- **Description of the task**: Each line of data below is to be returned exactly, leaving out any picture.

- **Source data**:
"""

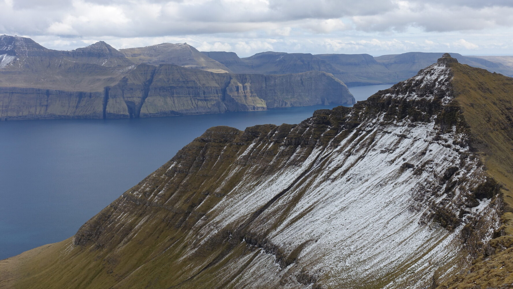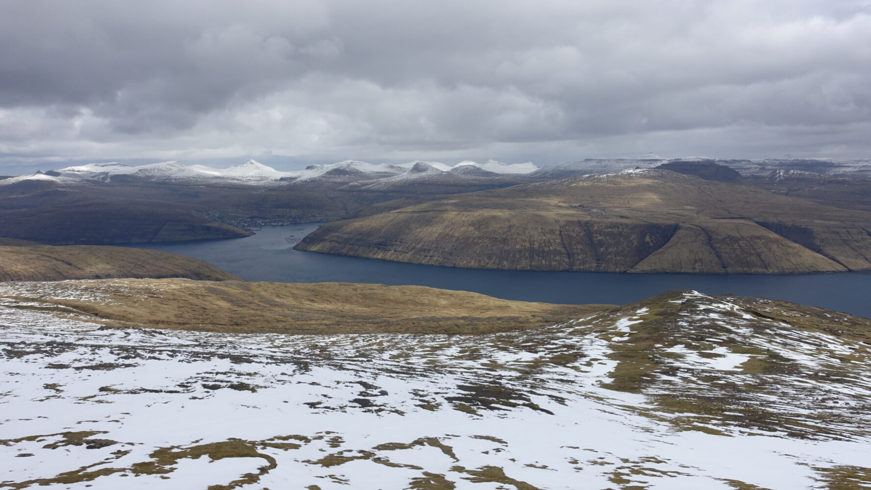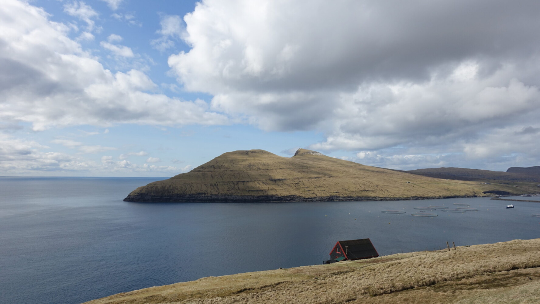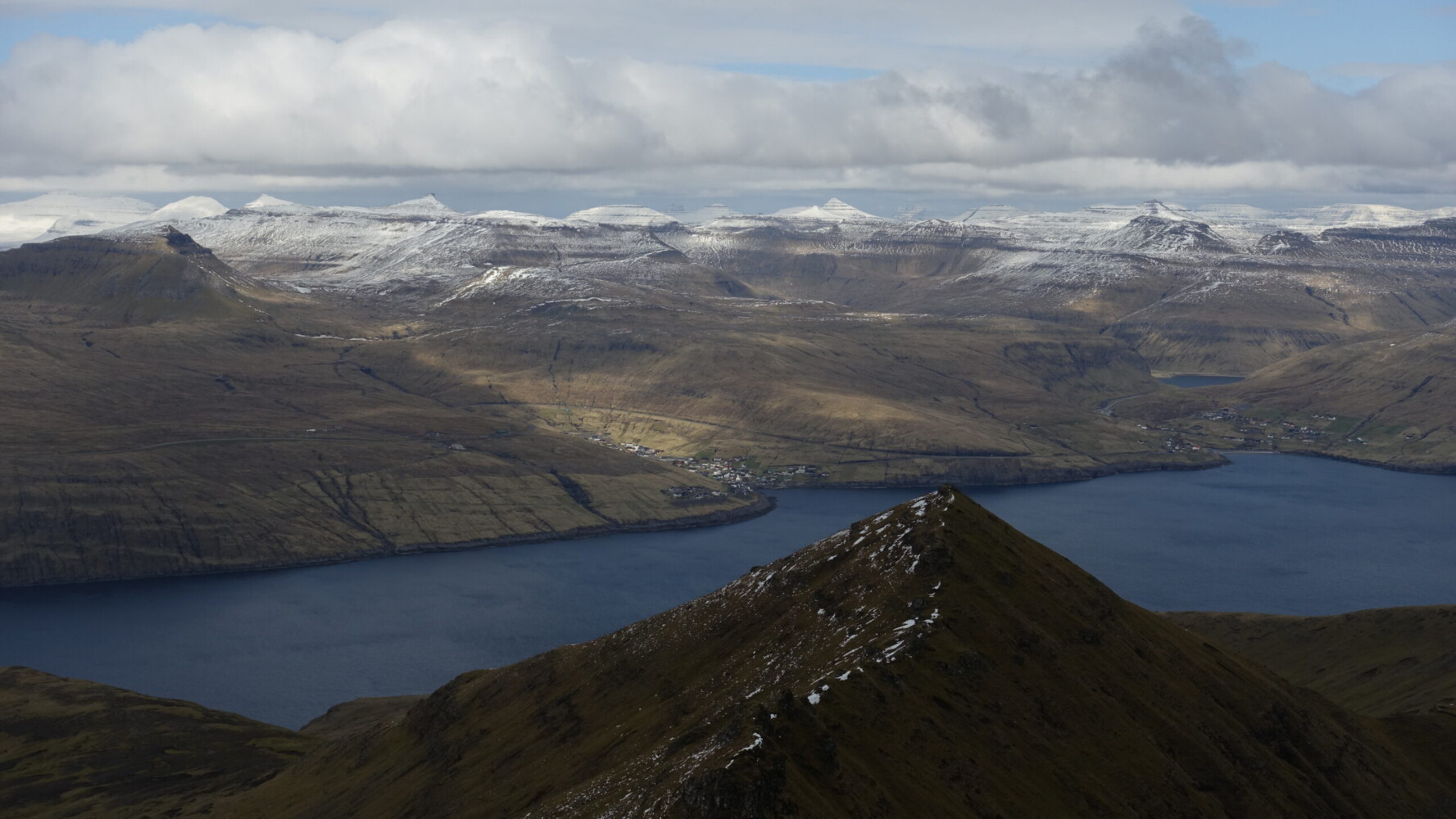 After a considerably descent, we topped Malinstindur and our views were redirected to across Vestmannasund and toward a gentler side of Streymoy’s topography.
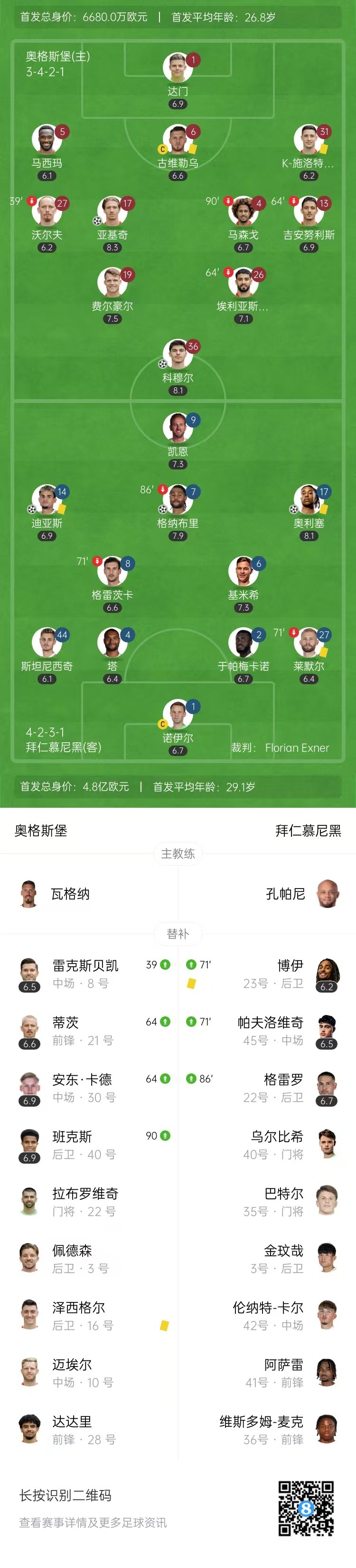 第48分钟,奥利塞禁区内连续晃动后闪出空档低射将球打进,拜仁慕尼黑3-0奥格斯堡。↓
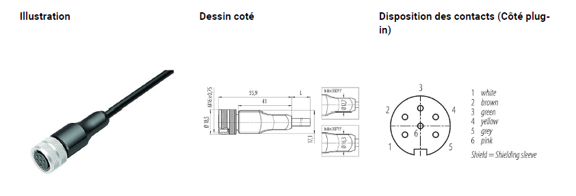 Version connecteur avec câble et Soudure des 2 fils sur Broches 3 et 5 : Câble U242 Lapp Unitronic 2 x 0,25
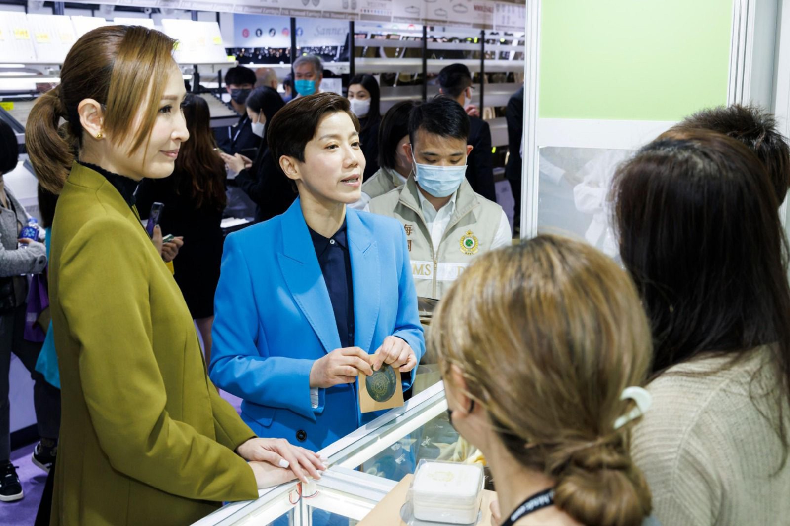 對談環節後,何珮珊及陳貝兒一同參觀珠寶展內其他攤位,向內地、海外及本地參展商介紹新法例要求和派發宣傳品。

"""

- **Task output**:
 After a considerably descent, we topped Malinstindur and our views were redirected to across Vestmannasund and toward a gentler side of Streymoy’s topography.
 第48分钟,奥利塞禁区内连续晃动后闪出空档低射将球打进,拜仁慕尼黑3-0奥格斯堡。↓
 Version connecteur avec câble et Soudure des 2 fils sur Broches 3 et 5 : Câble U242 Lapp Unitronic 2 x 0,25
 對談環節後,何珮珊及陳貝兒一同參觀珠寶展內其他攤位,向內地、海外及本地參展商介紹新法例要求和派發宣傳品。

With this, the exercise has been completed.